Mustafa fue uno de estos ‘rebeldes’. Luchaba en sus filas en la ciudad de Daraya, al sudoeste de Damasco. Cuenta que cuando estaba de paseo en su último día de vacaciones, dos personas desconocidas se le acercaron y le pidieron sus papeles. Posteriormente, le amenazaron con la muerte si no se unía a su bando. “Somos el Ejército Libre sirio, o te quedas y luchas con nosotros o te matamos”. Así recordó Mustafa las palabras de los rebeldes. También dijo que los rebeldes afirmaban que sus objetivos eran la yihad hasta la muerte y acabar con el Gobierno.

“Hablaban mucho con nosotros sobre la religión, nos persuadían. Al principio les creímos, después supimos que no eran más que unos ladrones”, recalcó Mustafa.

“Nos quitaban nuestras pertenencias si no hacíamos lo que querían. También necesitabamos dinero. Todo estaba muy caro. Los precios eran muy altos. El que no tenía dinero, moría de hambre. El que no iba a combatir con ellos, el que no luchaba en su bando, se moría del hambre”, denunció.

“Me dijeron que tendría un sueldo mensual, que me iban a dar comida, un kaláshnikov y todo lo que necesitara”, precisó el exrebelde sirio. “Fue un infierno”, con estas palabras Mustafa resumió sus dos años en las filas de los milicianos yihadistas.
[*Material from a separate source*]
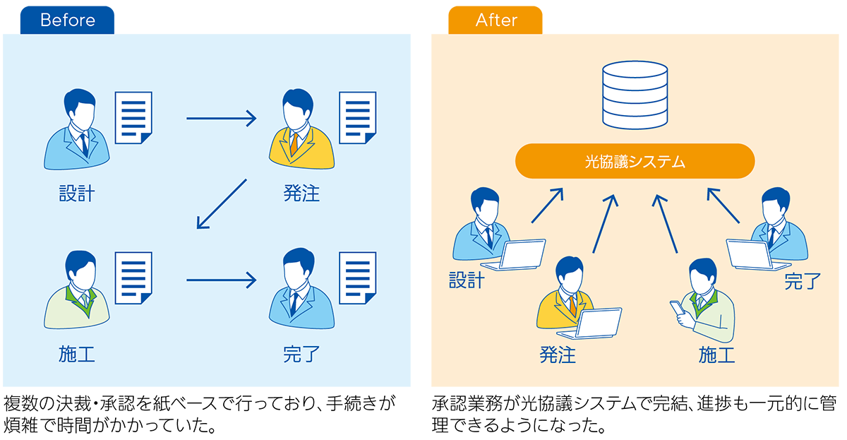 - 複雑な工事協議業務の効率化のため、kintoneをベースにワークフローシステムを導入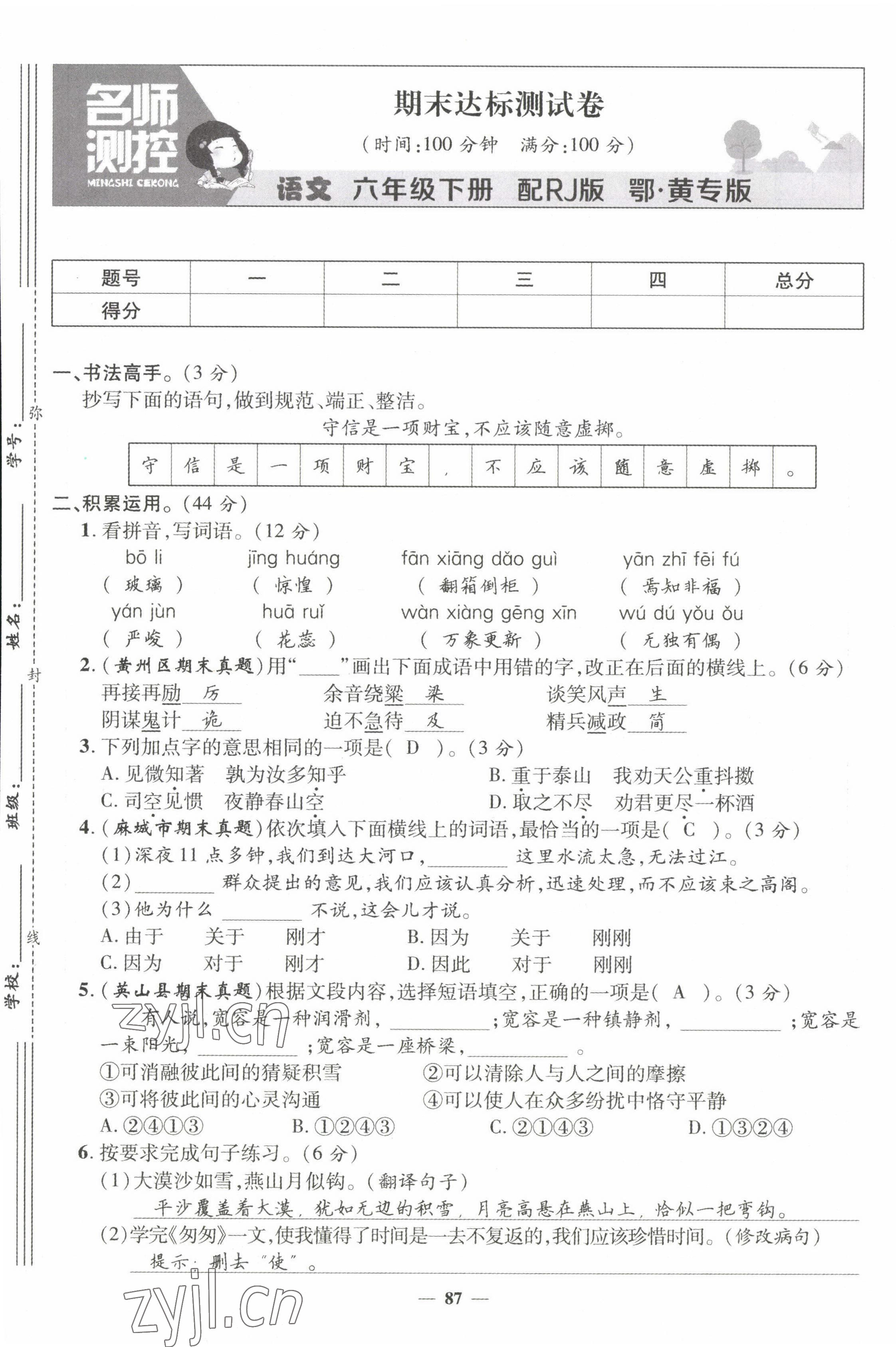 2022年名师测控六年级语文下册人教版鄂黄专版

El siguiente destino del viaje de Deglauy fue Homs, que se encuentra a solo dos horas por carretera de Damasco. Es la tercera ciudad más importante de Siria y hoy, según la periodista, se parece a “un cúmulo de escombos” sin vida. “En Homs no hay ruido. Su silencio es ensordecedor y la oscuridad da temor”, apuntó.

Una vez en la ciudad, Deglauy entrevistó a Mohamed, un joven refugiado de Palmira que se aloja en una aula de un colegio de Homs protegido por el Ejército gubernamental tras lograr escapar de las garras del Estado Islámico.

Mohamed le contó la desgarradora experiencia de vivir en la ciudad controlada por los yihadistas: “Las calles estaban llenas de sangre. Como cuando llueve, pero en lugar de agua había sangre. No les costaba nada matar a una persona. Cuando mataban a alguien se reían y decían que era un mentiroso y un desertor y lo mataban sin piedad”.

“Los del Estado Islámico entraban en los hogares para asegurarse de que allí no se escondían los soldados sirios. Cuando encontraban a uno, asesinaban a toda la familia. Hubo matanzas. La gente tenía miedo porque a cualquiera que estuviese relacionado de alguna manera con el Estado o con el Ejército le arrancaban la cabeza”, concluyó.